Scan the entries below. Return every line that includes "with".

(Beginning of RECORDS FOR THE EXERCISE)

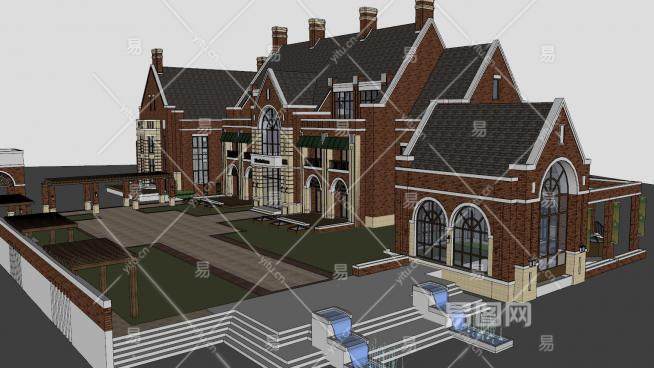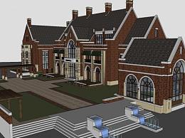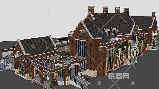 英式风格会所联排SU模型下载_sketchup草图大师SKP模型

(End of RECORDS FOR THE EXERCISE)
(Beginning of RECORDS FOR THE EXERCISE)

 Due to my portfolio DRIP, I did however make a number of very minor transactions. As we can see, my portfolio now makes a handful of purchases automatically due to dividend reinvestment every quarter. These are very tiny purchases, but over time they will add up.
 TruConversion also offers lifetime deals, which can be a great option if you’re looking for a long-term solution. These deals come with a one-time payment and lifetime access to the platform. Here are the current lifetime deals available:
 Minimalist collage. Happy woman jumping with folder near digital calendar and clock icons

(End of RECORDS FOR THE EXERCISE)

OUTPUT OF THE EXERCISE -
 TruConversion also offers lifetime deals, which can be a great option if you’re looking for a long-term solution. These deals come with a one-time payment and lifetime access to the platform. Here are the current lifetime deals available:
 Minimalist collage. Happy woman jumping with folder near digital calendar and clock icons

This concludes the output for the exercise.